Não há razão para nos apegarmos aos nossos velhos hábitos. É hora de perguntar: o
que a ciência pode aprender com o Google?

———
Comentário do pesquisador Leonardo De Marchi, em post no Facebook:

Sempre achei esse texto um delírio menor de Anderson. No entanto, lendo a obra do
filósofo francês Bernard Stiegler, fiquei impressionado com o horror que Stiegler teve ao ler
o texto. Ele comenta essa breve coluna por parágrafos e parágrafos de alguns de seus livros.
Hoje, entendo que ele tem razão: a economia de dados das plataformas digitais está
intimamente ligada ao fenômeno do negacionismo contemporâneo. Se dialogamos com
algum negacionista, ele/ela dirá: "não preciso da ciência; tenho o Google" ou, ainda, "mas eu
vi isso no grupo do WhatsApp".
É a lógica de Anderson na vida real: para quê fazer ciência se o dilúvio de dados em
que estamos soterrados pode nos entregar a resposta que queremos?

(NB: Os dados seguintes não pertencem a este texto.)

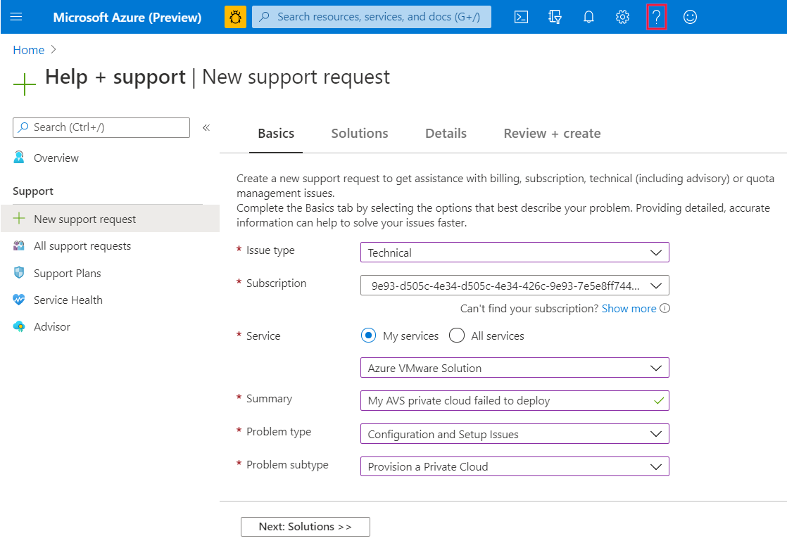 To create a support request for an Azure VMware Solution deployment or provisioning failure:
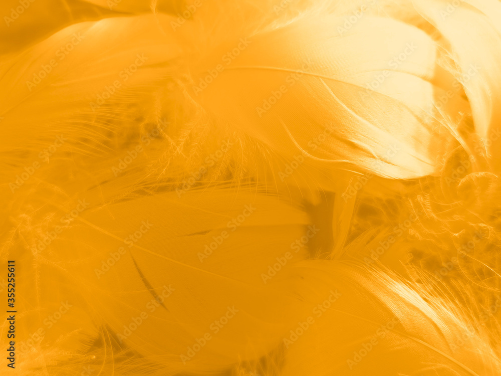 Beautiful abstract white and brown feathers on yellow background and soft yellow feather texture on white pattern and gold background, feather background, gold feathers banners
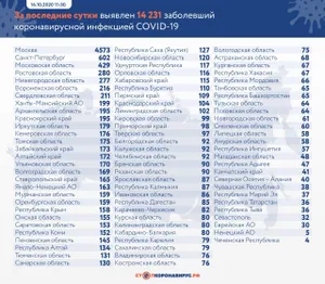 За последние сутки в России выявлен 14 231 новый случай коронавируса в 84 регионах. Из них 25,2% не имели клинических проявлений болезни. Зафиксировано 239 летальных исходов. За сутки в России полностью выздоровели 7920 человек.
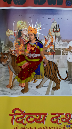 Enjoy live 4D Swaroop of Maa Ambaji Pop-up from that photograph (bought from Divya Darshan) and share Darshan with others at home too, with Audio.
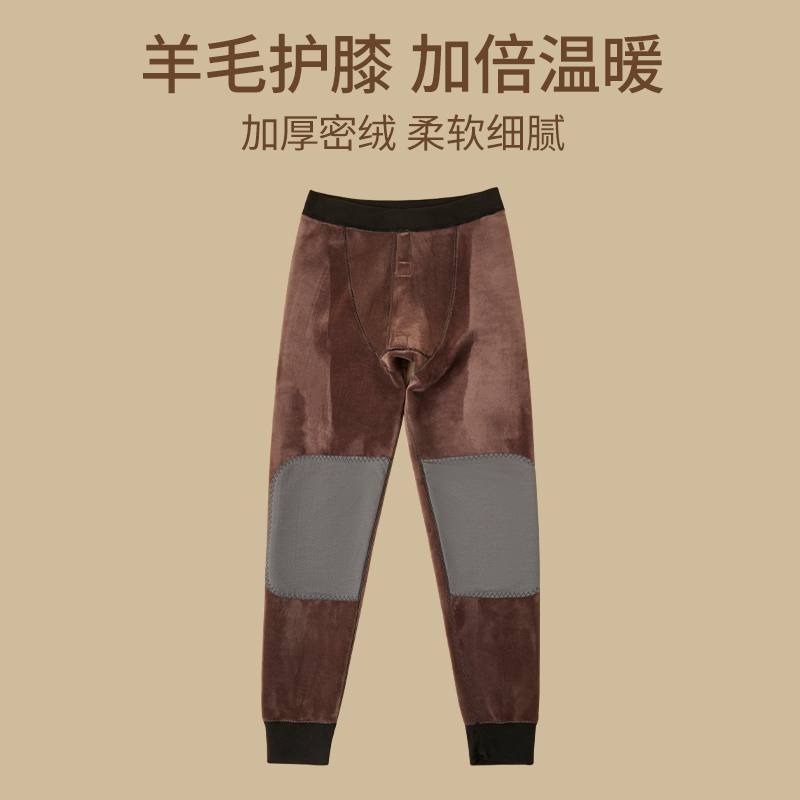 猫人男士保暖裤加绒加厚含羊毛双层护膝打底棉毛裤秋裤冬季绒裤男

O mesmo poderia ser dito, hoje, da cultura. Com a música produzida por IA em larga
escala, o que assusta é que não há uma estética nova - como ocorreu, por exemplo, com a
música eletrônica, a qual apresentava uma nova maneira de se conceber o que é música. Tudo
é igual ao que já ouvimos. E por quê? Porque é baseado em tudo o que já ouvimos antes, de
fato. O que os super-algoritmos nos oferecem é o fim da criatividade. Ou, para usar um termo
familiar a Stiegler, uma proletarização do pensamento criativo.